* Aim of the exercise *
Below are entries with pictures in them. Output exactly the lines starting at the line with "1月24日,易車發(fā)布" and ending at the line with "The main ritual", both included, but not the pictures.

* Source material *
Start of Block

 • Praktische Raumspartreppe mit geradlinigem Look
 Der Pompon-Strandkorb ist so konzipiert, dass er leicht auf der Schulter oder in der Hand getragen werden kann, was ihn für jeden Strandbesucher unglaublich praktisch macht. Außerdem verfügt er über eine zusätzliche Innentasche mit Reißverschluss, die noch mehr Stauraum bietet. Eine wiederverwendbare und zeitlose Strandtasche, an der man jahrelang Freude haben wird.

End of Block
Start of Block

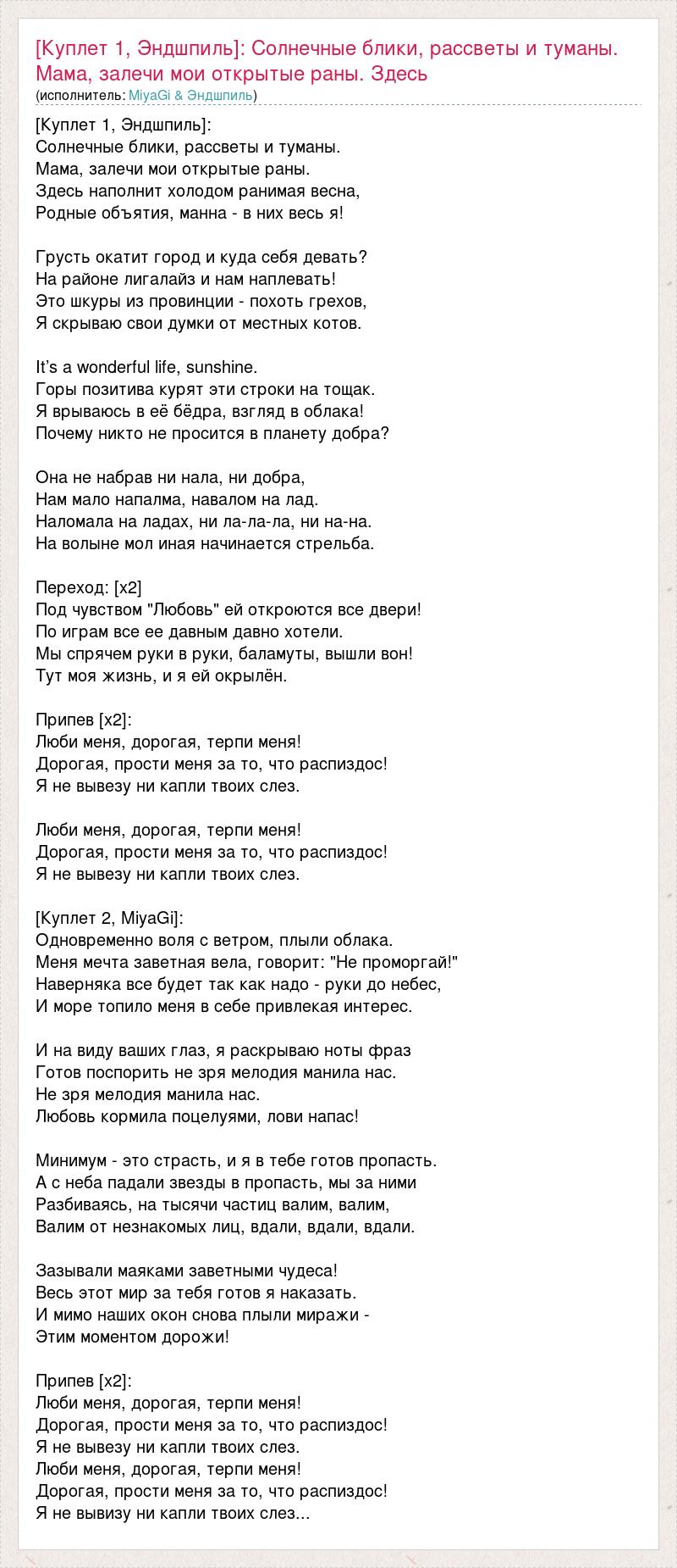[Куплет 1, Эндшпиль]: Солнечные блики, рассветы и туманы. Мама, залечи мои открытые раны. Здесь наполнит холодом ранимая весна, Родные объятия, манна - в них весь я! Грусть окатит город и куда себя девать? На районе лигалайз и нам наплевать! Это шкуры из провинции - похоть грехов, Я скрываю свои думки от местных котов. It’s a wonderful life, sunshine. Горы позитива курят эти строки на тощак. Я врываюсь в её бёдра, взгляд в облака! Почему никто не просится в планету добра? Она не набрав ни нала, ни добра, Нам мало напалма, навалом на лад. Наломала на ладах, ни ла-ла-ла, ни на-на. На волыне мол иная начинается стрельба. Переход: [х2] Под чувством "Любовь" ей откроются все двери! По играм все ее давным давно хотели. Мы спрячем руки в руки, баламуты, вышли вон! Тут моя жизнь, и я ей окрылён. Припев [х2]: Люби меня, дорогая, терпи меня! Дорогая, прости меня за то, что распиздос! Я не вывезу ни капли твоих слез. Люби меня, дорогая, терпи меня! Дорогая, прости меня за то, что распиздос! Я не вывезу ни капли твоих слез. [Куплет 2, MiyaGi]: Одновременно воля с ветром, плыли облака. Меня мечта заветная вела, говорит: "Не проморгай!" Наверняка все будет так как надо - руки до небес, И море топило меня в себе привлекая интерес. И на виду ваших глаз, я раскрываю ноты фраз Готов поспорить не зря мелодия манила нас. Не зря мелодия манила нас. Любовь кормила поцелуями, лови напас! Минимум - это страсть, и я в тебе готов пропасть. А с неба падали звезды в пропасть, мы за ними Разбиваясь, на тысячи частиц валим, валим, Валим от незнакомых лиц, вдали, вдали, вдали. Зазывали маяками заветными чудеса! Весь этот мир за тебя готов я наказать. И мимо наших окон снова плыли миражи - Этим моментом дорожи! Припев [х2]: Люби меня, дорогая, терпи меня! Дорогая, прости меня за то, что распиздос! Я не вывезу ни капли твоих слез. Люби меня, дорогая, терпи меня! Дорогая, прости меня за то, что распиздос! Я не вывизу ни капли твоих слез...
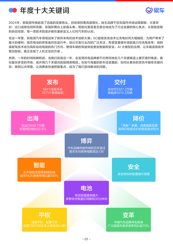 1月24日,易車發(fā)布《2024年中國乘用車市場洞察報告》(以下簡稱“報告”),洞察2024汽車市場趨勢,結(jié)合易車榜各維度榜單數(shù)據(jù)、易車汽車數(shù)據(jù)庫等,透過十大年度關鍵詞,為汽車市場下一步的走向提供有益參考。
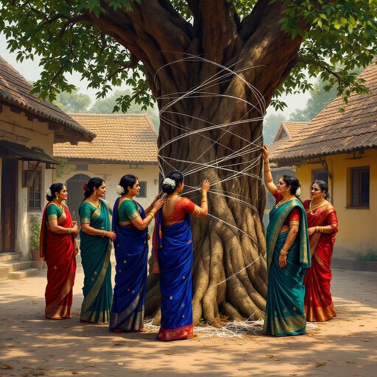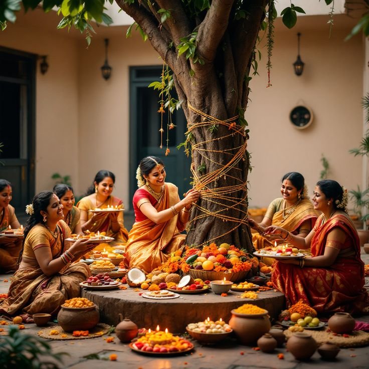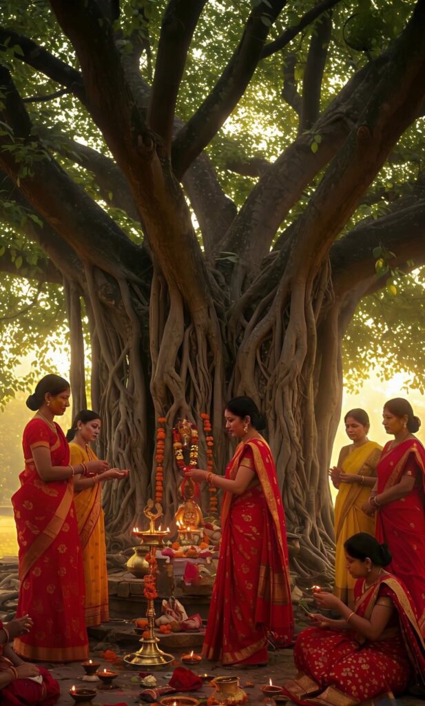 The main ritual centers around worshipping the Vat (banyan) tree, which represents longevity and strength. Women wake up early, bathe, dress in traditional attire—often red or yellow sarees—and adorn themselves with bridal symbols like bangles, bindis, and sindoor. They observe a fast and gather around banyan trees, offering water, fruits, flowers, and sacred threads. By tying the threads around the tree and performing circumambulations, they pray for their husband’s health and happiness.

End of Block

* Written response *
 1月24日,易車發(fā)布《2024年中國乘用車市場洞察報告》(以下簡稱“報告”),洞察2024汽車市場趨勢,結(jié)合易車榜各維度榜單數(shù)據(jù)、易車汽車數(shù)據(jù)庫等,透過十大年度關鍵詞,為汽車市場下一步的走向提供有益參考。
 The main ritual centers around worshipping the Vat (banyan) tree, which represents longevity and strength. Women wake up early, bathe, dress in traditional attire—often red or yellow sarees—and adorn themselves with bridal symbols like bangles, bindis, and sindoor. They observe a fast and gather around banyan trees, offering water, fruits, flowers, and sacred threads. By tying the threads around the tree and performing circumambulations, they pray for their husband’s health and happiness.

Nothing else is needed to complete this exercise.